Françoise Laborde « L’école a rendez-vous avec l’histoire »

C’était un engagement fort de la campagne présidentielle de 2012. François Hollande avait souhaité « remettre l’éducation et la jeunesse au cœur de l’action publique». Dès son entrée en fonction, le ministre de l’Education nationale, Vincent Peillon, s’est donc attelé à ce qui devrait être une des principales réformes du quinquennat, celle de l’Ecole. Un projet de loi, en ce sens, a été présenté en Conseil des ministres, le 23 janvier dernier.

 

Il va contribuer à tirer un trait sur une décennie de choix politiques qui se sont traduits par une véritable casse scolaire, en matière d’emploi, d’ascension sociale, d’égalité entre les individus et les territoires. Les valeurs fondatrices de notre République ont été mises à mal : laïcité, liberté, solidarité. L’actuel gouvernement s’attache à les rétablir, à leur redonner un sens et surtout une réalité. L’éducation est, avec la justice, la sécurité et la politique pour l’emploi, une des priorités de son action. C’est la condition pour que notre école forme des citoyens émancipés, prêts à affronter les défis du progrès dans une société en constante mutation.

 

« Je mesure l’ampleur du chantier »

 

Après trente ans passés dans l’Education nationale comme professeur des écoles puis directrice, et en tant qu’élue locale, à Blagnac, je mesure l’ampleur du chantier, de son financement et de ses implications sur le terrain. J’ai eu l’occasion de le dire au Ministre, des orientations fondamentales doivent d’être prises et je défendrai, lors de l’examen du texte au Sénat, les valeurs portées par les radicaux de gauche :

-          Harmoniser la pédagogie dans la formation des enseignants à l’apprentissage des contenus fondamentaux.

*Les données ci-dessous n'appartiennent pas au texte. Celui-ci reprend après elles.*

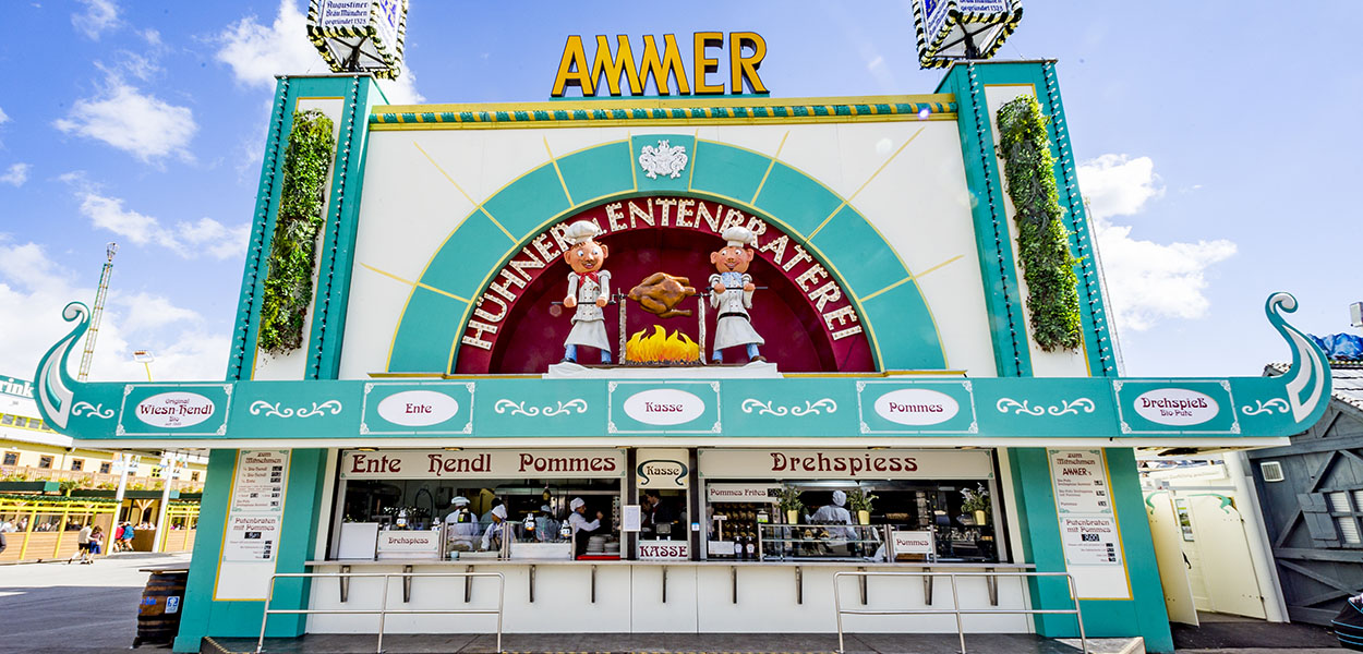 Das zweitälteste Zelt ist bereits seit 1885 ein Herzstück des Oktoberfests. Auf ihrer diesjährigen 140. Wiesn strahlt die älteste Hühnerbraterei der Welt in frischem Glanz. Die traditionelle Zeltsegnung durch das Augustinerkloster Maria Eich wenige Minuten vor dem Anstich lässt alle innehalten – bevor es richtig losgeht. Newcomer und bekannte Musiker bringen tagsüber Schwung. Abends rockt die bekannte Partyband Tetrapack erstmals das Ammer-Zelt. Dabei wird es magisch mit neuem (Sternen-)Himmel und Sternenglitzer.

-          Former les enfants aux usages des nouvelles technologies sans en devenir les esclaves mais en développant leur sens critique.

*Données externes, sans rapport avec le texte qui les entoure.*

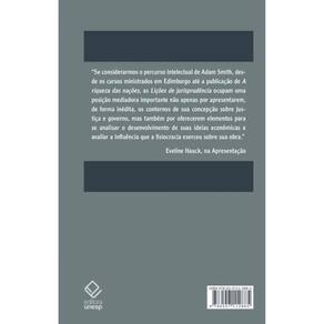 “Se considerarmos o percurso intelectual de Adam Smith, desde os cursos ministrados em Edimburgo até a publicação de A riqueza das nações, as Lições de jurisprudência ocupam uma posição mediadora importante não apenas por apresentarem, de forma inédita, os contornos de sua concepção sobre justiça e governo, mas também por oferecerem elementos para se analisar o desenvolvimento de suas ideias econômicas e avaliar a influência que a Fisiocracia exerceu sobre sua obra.”

-          Créer un enseignement, tout au long de la scolarité, dédié à l’orientation afin de briser la barrière entre filière générale et apprentissage.

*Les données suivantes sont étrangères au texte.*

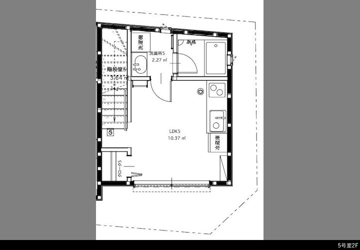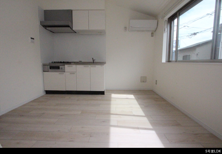 5号室は3号室にくらべ、一回り小さく、2Fにトイレがない点が違っています。ただし角部屋ですし、小さい分、家賃(※後でご紹介します)も安いので、人気は分かれるかもしれませんね。

-          Instaurer l’enseignement de la morale laïque. En ce sens, la laïcité et l’égalité des droits entre les femmes et les hommes doivent être au cœur des enseignements de l’école publique, dans l’objectif du mieux vivre ensemble de ces futurs citoyens.

 

Pour notre département et l’avenir de nos enfants, l’enjeu est crucial : 110 000 élèves sont accueillis dans les écoles maternelles et élémentaires de Haute-Garonne, avec des situations très contrastées. 18% des écoles élémentaires ont 3 classes ou moins et 17 écoles comptent plus de 350 élèves. L’effort de recrutement de nouveaux enseignants contribuera à résoudre certaines tensions (classes en sureffectif, non remplacement de professeurs), mais au-delà, il s’agit de refonder l’école de la République, de redonner confiance en l’avenir. Je veillerai à ce que les collectivités locales soient aidées afin qu’il n’y ait pas d’inégalités entre les écoles de nos territoires.

 

Françoise Laborde est Sénatrice de la Haute-Garonne depuis 2008,

membre de la commission Culture Education Communication du Sénat.

Vice-présidente de la Délégation aux droits des Femmes

du Sénat, et déléguée régionale du PRG.